* Exercise instructions:
No pictures go into the copy. Write out exactly the lines below from the one containing "Formația de dansuri" through the one containing "Signature d'un accord-cadre".
□ □ □ □
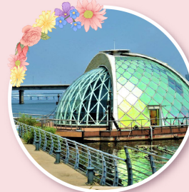
한강공원 물빛무대 (동)
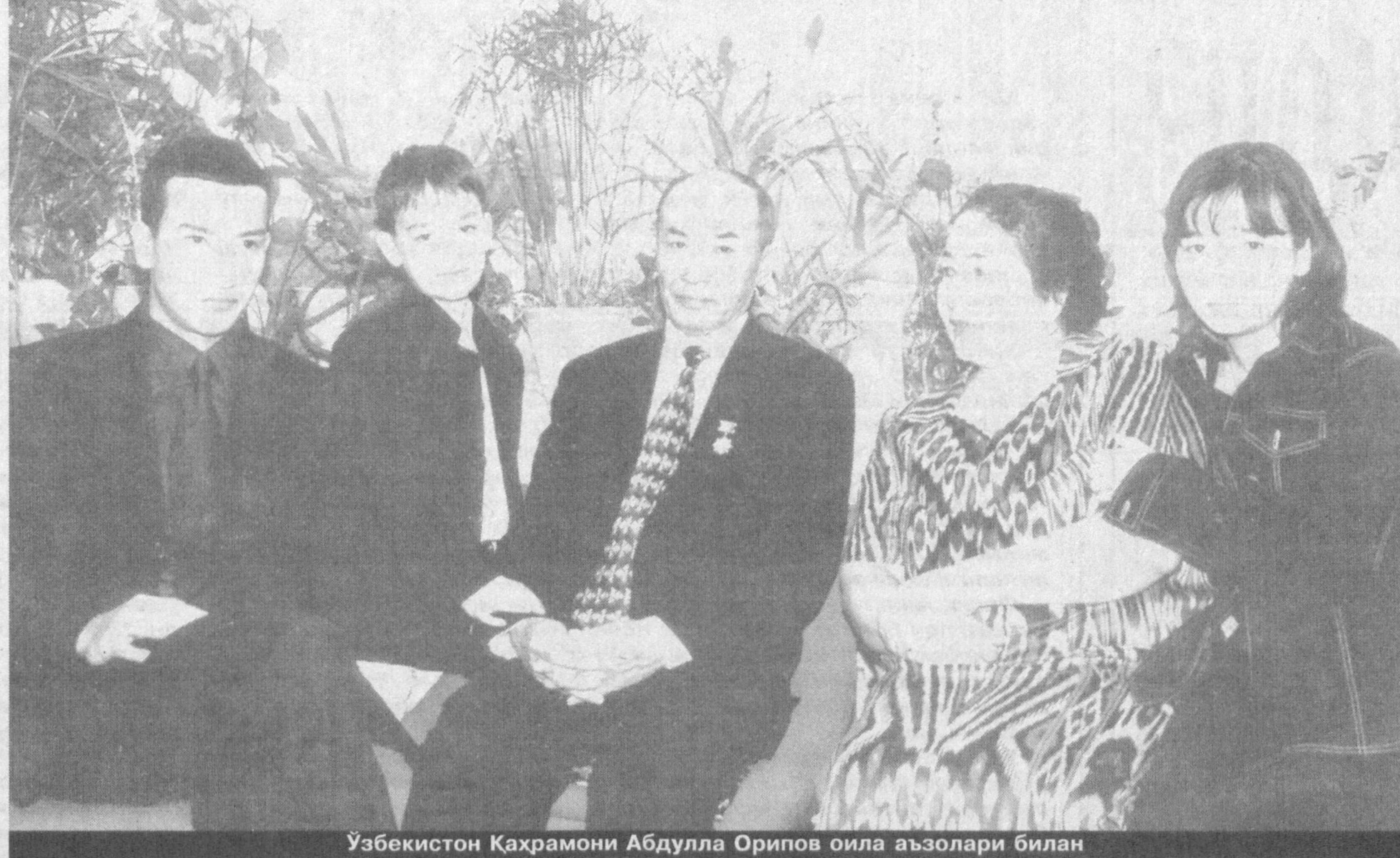
Ўзбекистон Қаҳрамони Абдулла Орипов оила аъзолари билан

Эллигинчи йилларнинг адоғида «Ватан» кинотеатрида рус кинорежиссёри Г. Козинцевнинг кино асари — «Ҳамлет» фильми намойиш этиламоқда эди. Уша кунларнинг бирида томошабинлар орасида таниқли шоирлардан бирини учратиб қолдим. У кутилмаганда, ушбу филмдан олган ҳайратини эмас, балки 30-йилларда Ҳамза номидаги театр сахнасида кўйилган «Ҳамлет»дан сўз очиб, «Маннон Уйғур Шекспирнинг бу ўлмас асарини ўша пайтдаёқ тўғри идрок ва тақдир этган экан» деб машҳур спектакл ҳақида тўқиниланиб сўзлай кетди. Кейин, яна шундай кутилмаган бир ҳолатда, Абдулла Орипов деган ёш шоирни кашф этганини ва унинг ўзига кўшни бўлиб яшаётганини айтди. Хуллас, ўша куними ё эртасигами у киши мени уйига бошлаб бориб, «Нақ Усмон Носирнинг ўзи» дегани Абдулла Ориповни қақиртириб келди. Ёш шоир тонгга қадав шеър ўқиди, ўқиганда ҳам ҳамма шёърларини ёдан ўқиди. Бу, 50-йиллар шеърятига асло ўхшамаган, шу шеърят ичидан гўё олов бўлиб чиқиб, кўкка ўрлаган ва теварак-атрофга турфа мушак қиличлари ўлароқ отилиб, ҳаммаёқни — зимистон кечани нурафшон этиб юборган шеърлар эди.
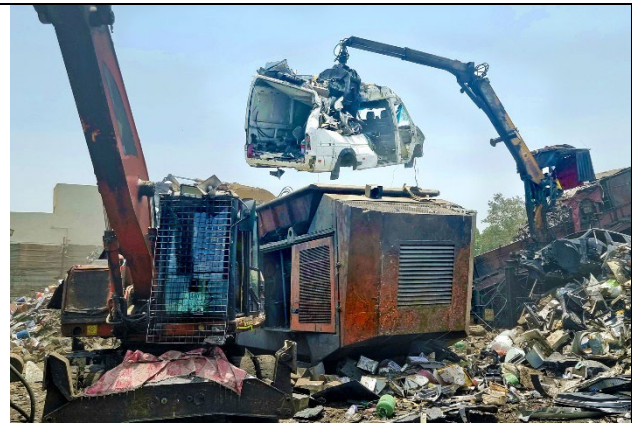
6 Tage die Woche im Einsatz bei der Zerkleinerung von Autokarosserien
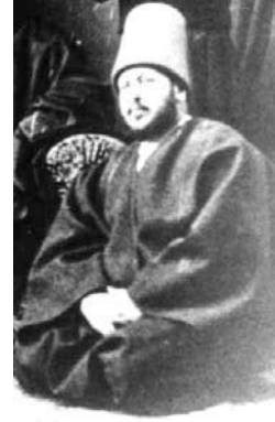
Mehmed Kemâleddin Efendi

Remzî Dede'nin belirttiği gibi Mesnevîhân, nüktedân, hâl ehli, ârif ve âlim biri olan Kemâl Efendi; aile arasında pehlivan yapılı, iri bir vücûda sahip, sağlıklı, canlı ve neşeli bir insan olarak anlatılmaktadır. Ayrıca Kemâl Efendi'nin vefatıyla ilgili, şöyle bir rivayet de dile getirilmektedir: Mevlevîhânenin vekilharçlığını, yani bir anlamda mâlî sorumluluğunu da yapan Kemâl Efendi, kışın yaklaştığı bir vakitte tekkenin damını aktarması için bir tamirci çağırır. Ancak gelen kişi yapacağı işin karşılığında biraz yüksek bir ücret isteyince Kemâl Efendi'nin canı sıkılır ve tamirciyi göndererek bu işi kendisi yapmaya karar verir. Gerçekten de dama çıkarak aktarma işini yapan Kemâl Efendi; bu sırada üşütür, hastalanır ve bir süre sonra vefat eder 4 .
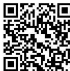
家長請假影音說明
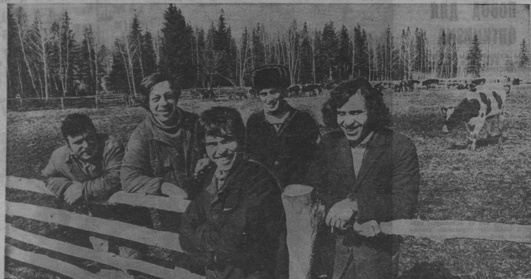
сами себе хозяева

Обсудив итоги беседы М. С. Горбачева с Генеральным секретарем ЦК Коммунистической партии Чехословакии М. Яншем, Политбюро с удовлетворением констатировало плодотворность состоявшегося обмена мнениями и сопоставления точек зрения по вопросам назревших глубоких преобразований социалистического общества. Была выявлена большая заинтересованность обеих партий в совершенствовании всего комплекса советско-чехословацких отношений, подчеркнута важность прямого сотрудничества хозяйственных организаций СССР и ЧССР, выработки новых эффективных подходов и углубленно производственной кооперации, совместного решения ряда проблем, связанных с конверсией военного производства в двух странах. По этим и другим вопросам, затронутым в ходе беседы, даны конкретные поручения.
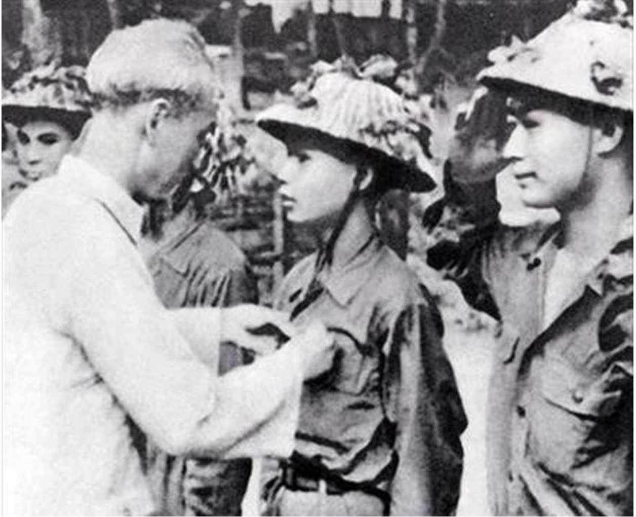
Chủ tịch Hồ Chí Minh thưởng huy hiệu cho các chiến sĩ lập nhiều chiến công trong chiến dịch Điện Biên Phủ.
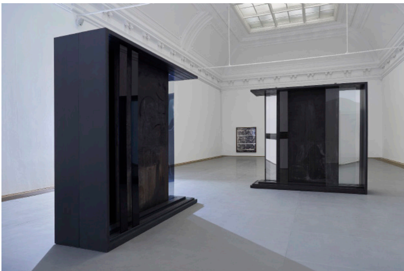
Marie Matusz, Reservoir , Ausstellungsansicht, Kunsthalle Basel, 2025, Foto: Philipp Hänger / Kunsthalle Basel
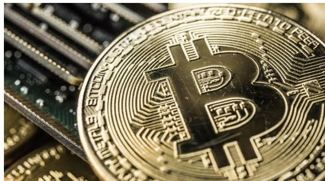
El diseño intelectual de bitcoin.

bancarias y por lo tanto no existe riesgo alguno de que esta información le sea sustraída al vendedor
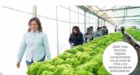
SQM Yodo Nutrición Vegetal, comprometido con el norte de Chile y los territorios donde está presente.
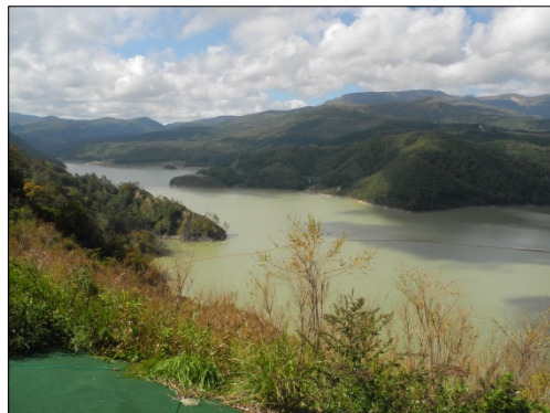
奥州湖眺望台より
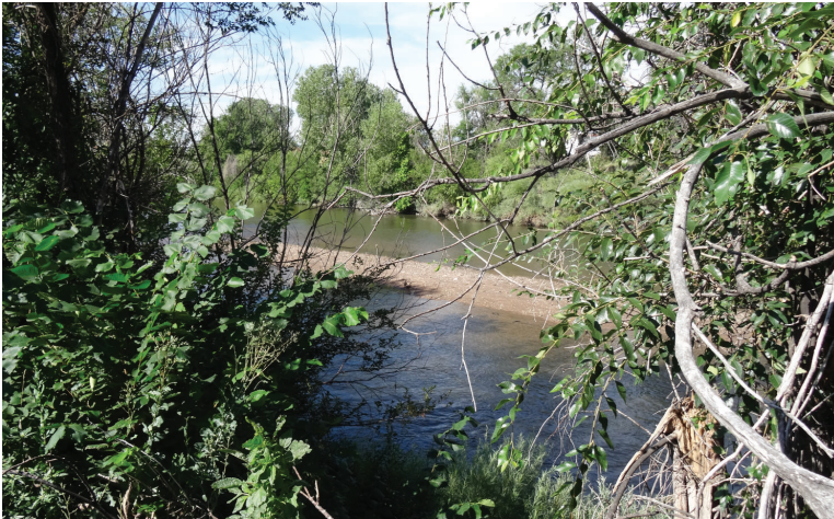
Hoy el río es en gran parte inaccesible.
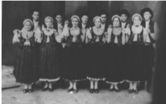
Formația de dansuri populare din Mișca la Casa de Cultură din Chișineu-Criș - 1975
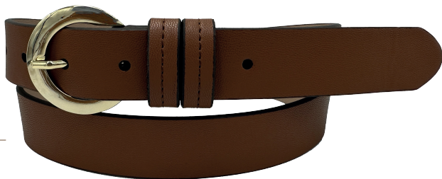
● Modelo: 3791 Cinturón casual, folia Colores: tan Ancho: 30 mm Tallas: 28-38
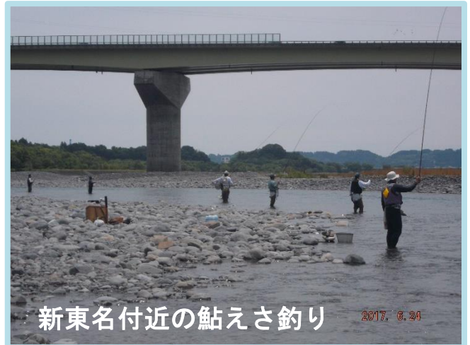
新東名付近の鮎えさ釣り

8月7日の台風5号上陸により、川がリセットされました。シーズン後半、大鮎と出会うことができるでしょうか。
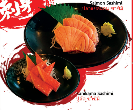
Salmon Sashimi ปลาแซลมอน ซาชิมิ
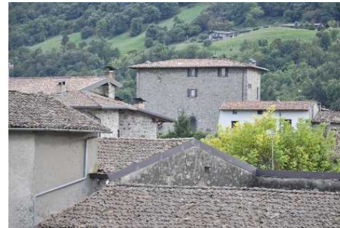
Il Borgo di Dosso con la Casatorre
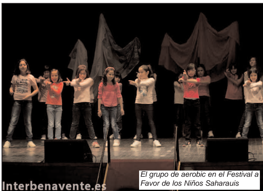
El grupo de aerobic en el Festival a Favor de los Niños Saharauis

El dinero recaudado era para los niños saharauis.
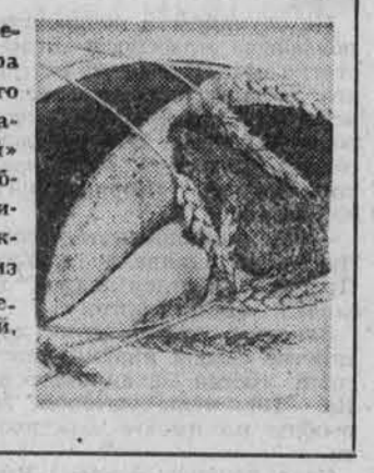
Сегодня мы предоставляем
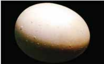
تخم‌مرغ‌های جوش‌دار (pimples)

به تخم‌مرغ‌هایی گفته می‌شود که قسمتی از پوسته صاف یا ضخیم شده است. اغلب قسمت مجاور پوسته چروکیده است. این تخم‌مرغ‌ها کمتر از ۱ درصد کل تولید را شامل می‌شوند. این‌گونه تخم‌مرغ‌ها اغلب توسط پولت‌ها در تخم‌گذاری اولیه به وجود می‌آید و ممکن است نتیجه تخمک‌گذاری مضاعف باشد و یا اینکه در غدد پوسته ساز یک روز بیشتر مانده باشد.
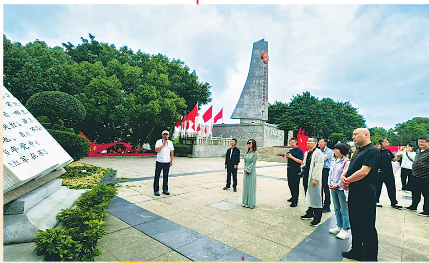
● 参观中央红军长征出发地

人有一代人的长征，一代人有一代人的担当。采风团成员纷纷表示，下一步，将切实转化采风成果，凝聚协作共识，深耕长征起点与终点红色IP，联合策划系列融媒体主题报道，串联南北红色故事、讲完整长征脉络；借鉴赣州宣传创新、产业发展、对外开放的先进经验，迭代升级延安红色宣传模式，提升红色文化传播力、影响力、引导力；立足基层一线、聚焦发展实践，以笔墨为炬、以镜头为媒，生动记录老区振兴发展的鲜活实践，书写新时代延安高质量发展、高水平振兴的崭新答卷。
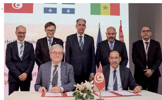
Signature d'un accord-cadre de coopération entre les FRQ et le ministère de l'Enseignement supérieur et de la recherche scientifique tunisien (MESRS)

L'automne 2022 a été riche en engagements et collaborations avec des partenaires internationaux. Le Sommet sur la science des Nations Unies tenu à New York, en septembre 2022, a été l'occasion d'aborder plusieurs thèmes : culture et science, efficacité du conseil scientifique, rôle des organismes subventionnaires pour l'atteinte des grands objectifs de développement durable de l'ONU, etc.
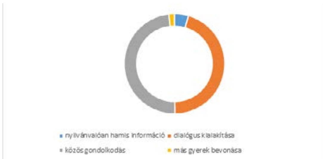
4. ábra: A gyermeki beszéd motivációjának eszközei

jól ismerik, és gyakran alkalmazzák. Sajnos kevesen élnek a közösség adta kommunikációs lehetőségekkel. Nem vonnak be újabb gyermekeket egy-egy beszélgetésbe, hogy aztán hátra húzódva, segítő szerepben ösztönözzék őket az önálló párbeszédre és társalgásra. A hamis információk beépítését alig jelölték. Úgy tűnik, hogy ez a stratégia aggodalmat kelt a nevelők körében, holott a gyermekek nagyon élvezik. Jókat nevetnek az általuk felismert „butaságok” hallatán, és egymással versenyezve igyekeznek kijavítani a téves információkat. A humor hatását ebben az esetben az ismereti források (tapasztalat, logika) ellentmondása váltja ki a gyermekben. Hátterében, az esztétikai élményhez és a játék öröméhez hasonlóan, az ún. kollatív tulajdonságok állnak, például szokatlanság, kétértelműség, változás, inkongruitás, összeférhetetlenség (Séra, 1983). Ezek a jellemzők erősen vonzzák a figyelmet, érdekesnek és szokatlannak találja őket a gyermek. Érdemes még kiemelni a humoros közlések élményjellegét, a társas kapcsolatokra gyakorolt pozitív hatását. Természetesen a közlések megértésnek fontos előfeltétele a megfelelő szintű kognitív és nyelvi érettség.
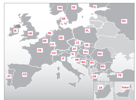
Avnet Technology Solutions EMEA is actief in meer dan 30 landen.

AMD, EIZO, Enterasys Networks, Hitachi, HP, IBM, Intel, Motorola, Oracle, Sun Microsystems
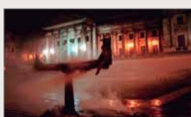
"19 y 20 de diciembre: memorias del 2001" Muestra fotográfica colectiva
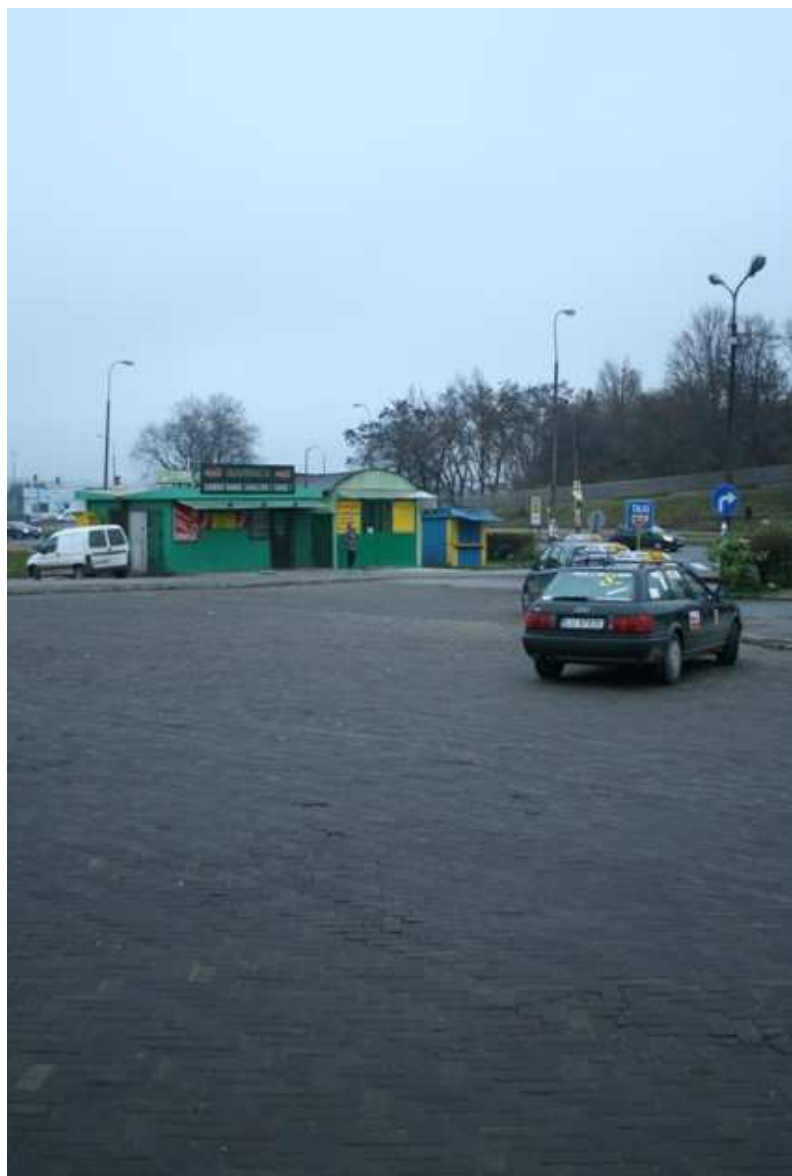
Szeroka 39, fot. Marcin Fedorowicz, 2010.
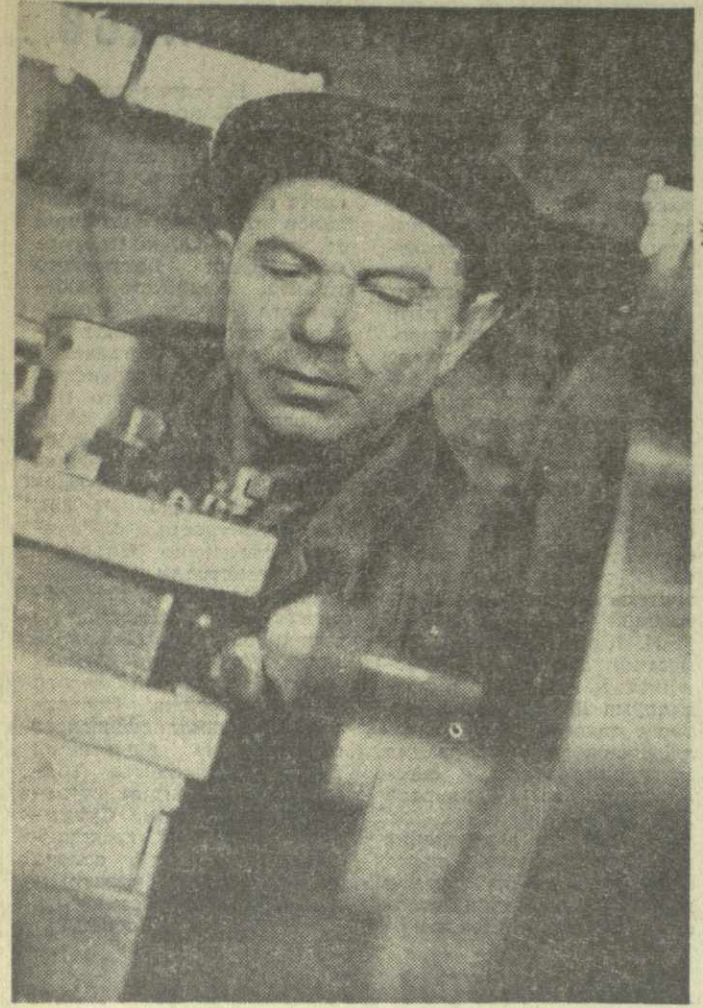
Коллектив Руставского краностроительного завода, успешно завершив план прошлого года, взял новые, повышенные обязательства на второй год пятилетия.
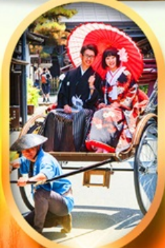
เมืองเก่าทาคายามา
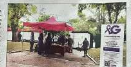
La asociación realizó diferentes actividades y talleres en La Granja.

Novelación en el centro Entre las actividades que se realizaron se encuentran la realización de talleres de memoria y talleres de apoyo a los familiares. Este programa de actividades de apoyo a los familiares se realizará en la asociación.
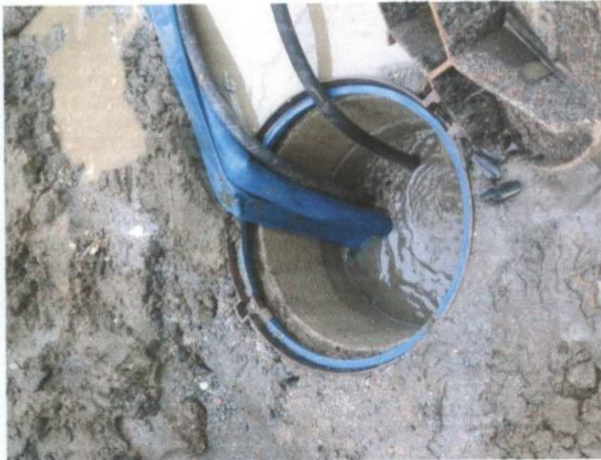
Cor das águas da rede pluvial.

A partir da situação concreta, foram entrevistados trabalhadores e a seguinte colocação foi feita em reunião:
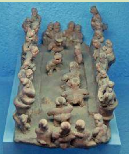
Πήλινο ομοίωμα που αναπαριστά άθλημα με μπάλα, προσφιές στους πολιτισμούς της προϊσπανικής Μέσης Αμερικής
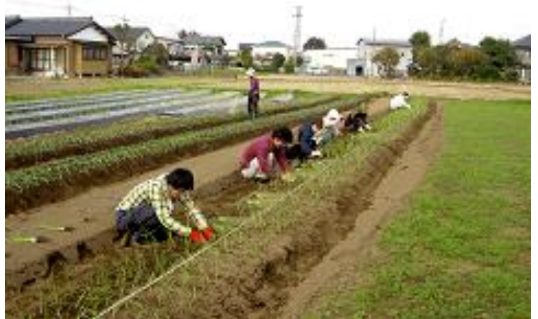
写真②；玉ねぎの定植

その後、難波田城公園内の金子家で、持参の弁当を食べながら、収穫祭の企画について話合った。
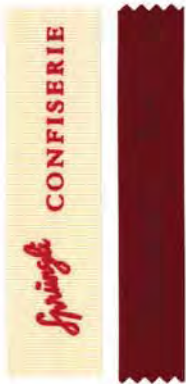
Lackfarbe transparenter Lack
□ □ □ □
* Exercise answer:
Formația de dansuri populare din Mișca la Casa de Cultură din Chișineu-Criș - 1975
● Modelo: 3791 Cinturón casual, folia Colores: tan Ancho: 30 mm Tallas: 28-38
新東名付近の鮎えさ釣り

8月7日の台風5号上陸により、川がリセットされました。シーズン後半、大鮎と出会うことができるでしょうか。
Salmon Sashimi ปลาแซลมอน ซาชิมิ
Il Borgo di Dosso con la Casatorre
El grupo de aerobic en el Festival a Favor de los Niños Saharauis

El dinero recaudado era para los niños saharauis.
Сегодня мы предоставляем
تخم‌مرغ‌های جوش‌دار (pimples)

به تخم‌مرغ‌هایی گفته می‌شود که قسمتی از پوسته صاف یا ضخیم شده است. اغلب قسمت مجاور پوسته چروکیده است. این تخم‌مرغ‌ها کمتر از ۱ درصد کل تولید را شامل می‌شوند. این‌گونه تخم‌مرغ‌ها اغلب توسط پولت‌ها در تخم‌گذاری اولیه به وجود می‌آید و ممکن است نتیجه تخمک‌گذاری مضاعف باشد و یا اینکه در غدد پوسته ساز یک روز بیشتر مانده باشد.
● 参观中央红军长征出发地

人有一代人的长征，一代人有一代人的担当。采风团成员纷纷表示，下一步，将切实转化采风成果，凝聚协作共识，深耕长征起点与终点红色IP，联合策划系列融媒体主题报道，串联南北红色故事、讲完整长征脉络；借鉴赣州宣传创新、产业发展、对外开放的先进经验，迭代升级延安红色宣传模式，提升红色文化传播力、影响力、引导力；立足基层一线、聚焦发展实践，以笔墨为炬、以镜头为媒，生动记录老区振兴发展的鲜活实践，书写新时代延安高质量发展、高水平振兴的崭新答卷。
Signature d'un accord-cadre de coopération entre les FRQ et le ministère de l'Enseignement supérieur et de la recherche scientifique tunisien (MESRS)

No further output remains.